In the public sector, debt service refers to both repayments and interest paid “on long term obligations of public debtors and long-term private obligations guaranteed by a public entity.” In Massachusetts, debt service expenditures differ among municipalities based on the characteristics of the locality, including size and budget.
According to Pioneer Institute’s MassAnalysis tool, in 2019 the five municipalities with the highest debt service expenditures (in dollars) were Boston, Worcester, Cambridge, Peabody, and Lowell (respectively). In 2019, Boston spent the most ($182,470,769) on debt service (Figure 1), representing 5% of its operating budget. In the same year, Worcester spent $90,753,444, or 12% of its operating budget on debt service. Cambridge spent $68,410,826, representing 10% of its budget. Peabody spent $52,270,825 on debt service, a whopping 29% of its operating budget. Finally, Lowell spent $36,906,976, or 9% of its budget, on debt service that year.
Figure 1. Municipalities of Massachusetts with the highest expenditures on debt service (in dollars).
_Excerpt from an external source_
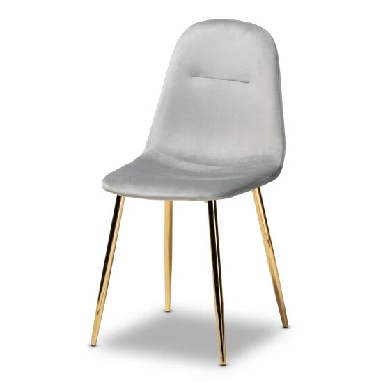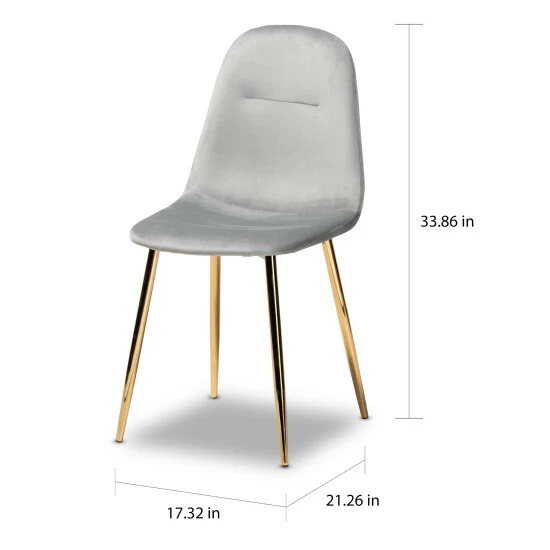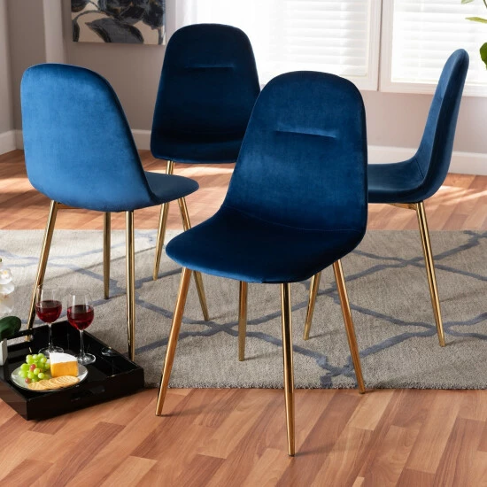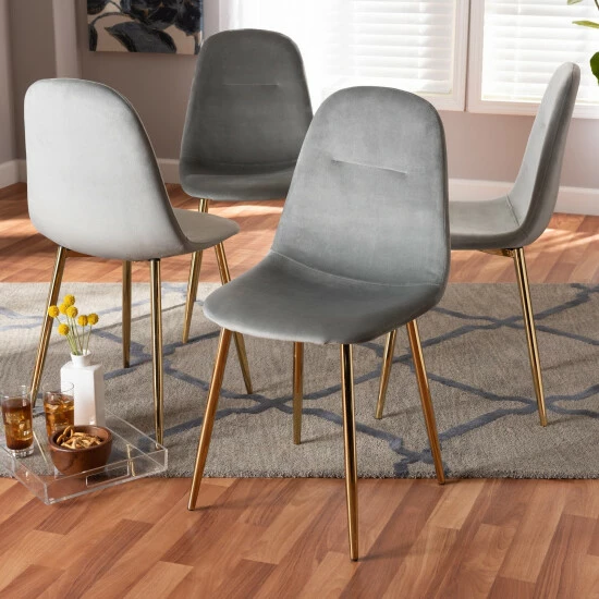 Enjoy comfortable seating during your next dinner party with this set of four upholstered dining chairs. Upholstered in plush velvet fabric, these chairs look glamorous when paired with any dining room table. Each chair features a bucket seat to relax into and angled goldtone legs to give it a mid-century modern look.

All five of these municipalities are either urban or “semi-urban,” including major regional urban centers, metro core communities, and subregional urban centers. Long-term accumulated debt, payments to retirement plans for employees, and maintaining aging infrastructure may leave a city in debt, on which the municipality must make payments from its operating budget. Additionally, legacy costs (“company costs associated with health care fees and other benefits for its current employees and retired pensioners”) account for a large percentage of most cities’ budgets, and this percentage is growing. More money allocated toward legacy costs leaves less to pay for other expenses, leaving cities with more debt. This phenomenon describes why these urban and semi-urban centers spent more on debt service in 2019: because they had more debt. However, this problem may be worse in other U.S. cities, as Boston tends to have comparatively low legacy cost.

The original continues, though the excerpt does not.